第292章(第2页)
而徐三,两年之中,案牍劳形,汲汲忙忙,在北地州府间来回奔波,反倒比先前还清减了几分,若是不穿官袍,作寻常打扮,显得比宋祁还要年岁小些。
至于两人的关系,因着光朱之乱未平,便依旧似亲非亲,似疏非疏。
只是如今的宋祁,在徐三的教导下,当真是喜怒不形于色了。
但凡见过宋祁的官员,都夸他如春风阳煦,心平德和,温润而泽,便连徐三,暗地里都有几分刮目相看。
北地有宋祁在,有徐三在,又有军马驻扎,两年过去,自然是民安物阜,时和岁丰。
而这太平盛世,还是得归功于徐三的能言善辩。
旁人说了,管它南北,既是大宋疆土,便不应有所例外,北地男子依旧不得学文习武,不得从事力役,更还要有贵贱之分,各守其道,不可逾越。
然而徐三却是卖起了惨来,递了折子,说若是不让北地男子学习汉话,那便不能使其彻底归化,久而久之,必生民变;
又说北方才经了战乱,百业凋敝,满目萧条,若不放开男女限制,鼓励官民百姓贸易流通,久而久之,必生灾荒。
至于贱籍之制,更是不能急着照搬,不说别的,光这划分籍贯,取何依据,就得商榷个三五年不是?
她搬出了这番说辞,旁人若是再敢反驳,那就是包藏祸心,残民害物,大逆不道。
如此一来,朝中小人如崔金钗等,便只能腹诽心谤,再不敢跳出来指手画脚,更何况徐三之举,确使北地繁荣如初,给国库添了大笔税钱,闲杂人等,谁还敢说三道四?

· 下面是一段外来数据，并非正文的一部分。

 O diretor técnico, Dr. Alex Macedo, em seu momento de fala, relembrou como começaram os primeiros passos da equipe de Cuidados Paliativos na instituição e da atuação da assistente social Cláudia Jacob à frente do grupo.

这日里恰逢休沐,风晴日暖,徐三正在用早膳之时,便见梅岭急步而来,含笑轻声道:
“娘子,这一回,中贵人的信总算是送来上京了。
前些日子,也不知半道出了甚么岔子,不是落了丢了,便是湿了破了,幸而今日不曾耽搁。”
徐三听说周文棠的信,时隔月余,总算是完好送至,也不由抿唇而笑。
她搁下竹箸,用绢帕拭过手,这才轻轻将那笺纸拈起,捧在手中,就着西窗竹影,细细读了起来。
那男人的书法,依旧如从前那般,云鹄游天,豪气十足,全然不似是个阴柔乖僻的阉人。
徐三低头而读,便见周文棠上来就说,近日已彻查送信之事,从此之后,每隔十日,书信一封,只会提早,绝不会再送迟。
徐三读至此处,含着笑意,轻轻摇了摇头。
她一手支颐,微微偏着脑袋,又往下读,却见周文棠笔锋一转,说起来崔家的事来。
徐三看着看着,忍不住眉头微蹙,收起笑容。
却道当年崔钿殉国之后,因崔钿之母崔博年老体衰,眼下又在病中,恐难承受丧女之痛,便一直将此事按而不发,只命人在燕乐城中,为崔钿立下一方衣冠冢。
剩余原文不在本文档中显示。